Tachion Tackles Its Critics
Tachion CEO Jeff Matros believes an upcoming $75 million round of investment, to be closed shortly, will silence the critics. The round will include venture capitalists and carriers, he says. Tachion has raised just over $49 million to date, according to Venture Economics.
It's probably closer to the truth to say Tachion's growing pains, however severe, are symbolic of what equipment startups will be dealing with so long as the stock market frowns on telecom firms with no revenues and slipping product schedules -- even those with barrels full of vision (see IPO Filter Gets Finer and Optical IPOs Hang at the Gate).
"We're 60 days away from [booking] our first revenues, and that's several months later than we had originally hoped," says Matros. "We're probably going through the same thing that most privately held companies in our space go through. We underestimated the complexity of the customer features that are required when you build a network versus the requirements that you have when you're just a bunch of guys in a basement building a better mousetrap."
Indeed, at least two of the guys who started building Tachion's product in a basement years ago have left the firm to start another yet-to-be-named optical networking outfit. Tachion co-founder Sunil Malhotra left during the summer, and Satish M. Sharma left last month -- though he retains a board seat.
Among Tachion's fits and starts were plans for an IPO that never materialized because of product delays and a hostile stock market. "We were planning on going public in the fall of this year, and we had expectations of having this product generally deployed," says Peter Benedict, a Tachion spokesperson. "That could be some of the reason that some people are leaving and others are coming in."
A few weeks ago, when it was clear that an IPO was months away, Tachion laid off nine people. Among those let go were five information systems employees, two security guards, and a credit manager, says Matros. "We had hired people to scale our company's infrastructure, rather than hiring people to help us build our product."

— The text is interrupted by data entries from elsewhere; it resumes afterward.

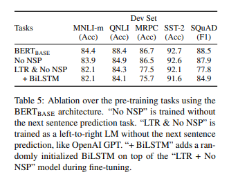 - NSP를 제거한 모델은 QNLI, MNLI, SQuAD task에서 성능이 크게 저하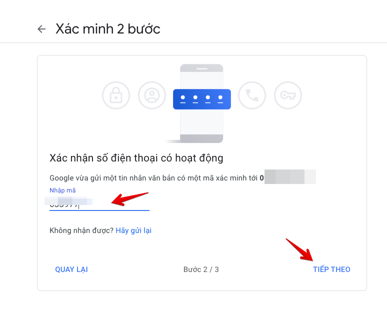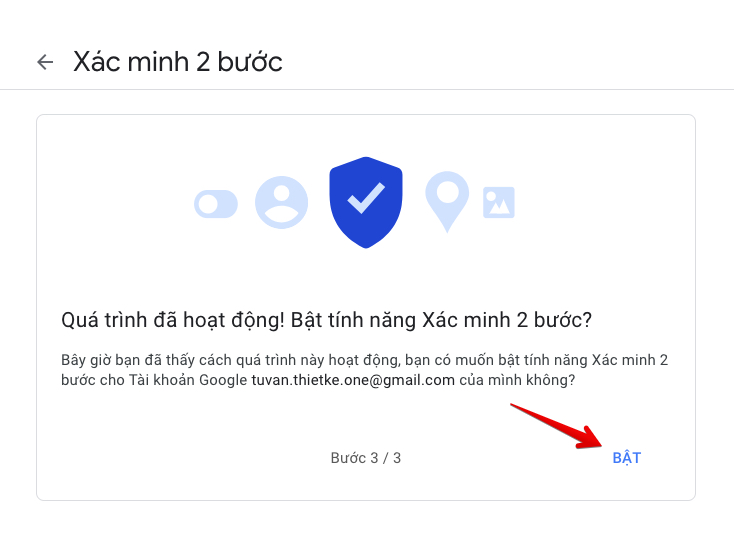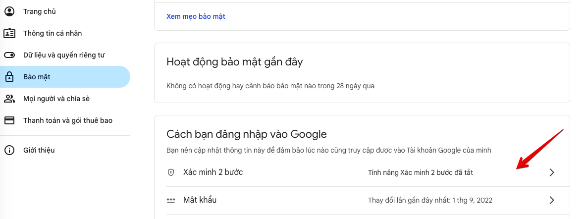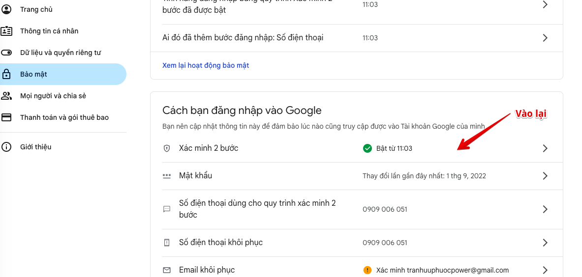 Vào lại Bảo mật >> Xác minh 2 bước như hình
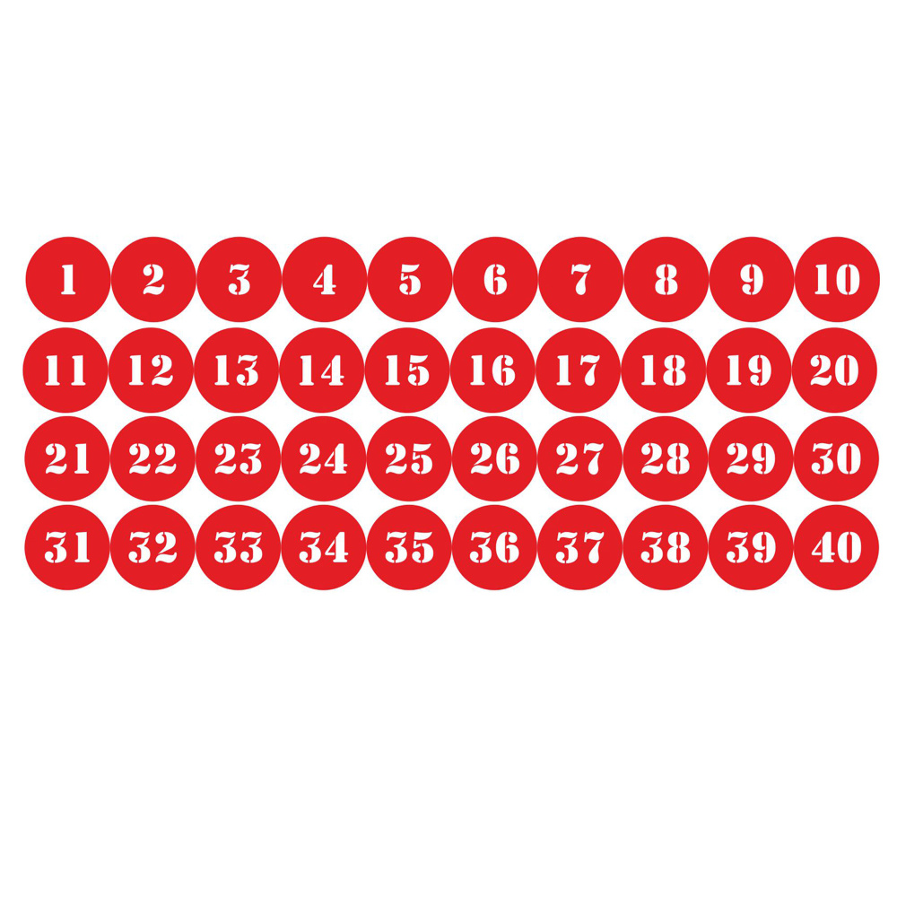 Наклейка для нумерации сумочных шкафов (трафарет) номера 1-40, красная

Still, Matros denies competitors' claims that Tachion is hemorrhaging engineers. "Though we had to lay nine people off, we actually have 20 more employees today than we did when we laid them off," he says. Tachion currently employs 225 people.
"We've got about 50 requisitions open right now, and it is very easy to get people to come over here from Lucent Technologies Inc. (NYSE: LU) and AT&T Corp. (NYSE: T)," Matros says (see Ex-Lucent Exec Joins Tachion). "Even the people who have been there for quite some time have recognized that with their stock underwater and with them not working on exciting technology, they can just walk across the street."
A Lucent spokesperson declined to respond directly to Matros's remarks, noting that it's only been recently that Lucent's attrition rate has equaled the industry average.
One thing's for sure, Tachion won't die of loneliness when its product does ship into the marketplace. The company's product competes with offerings from Lucent, Nortel Networks Corp. (NYSE/Toronto: NT), Convergent Networks Inc., Sonus Networks Inc. (Nasdaq: SONS), Santera Systems Inc., Telica Inc., and Oresis, which is rumored to be close to closing a mezzanine round of funding this month (see Convergent Heads for IPO, Santera Launches Multiservice Switch, and Telica Launches Convergence Switch).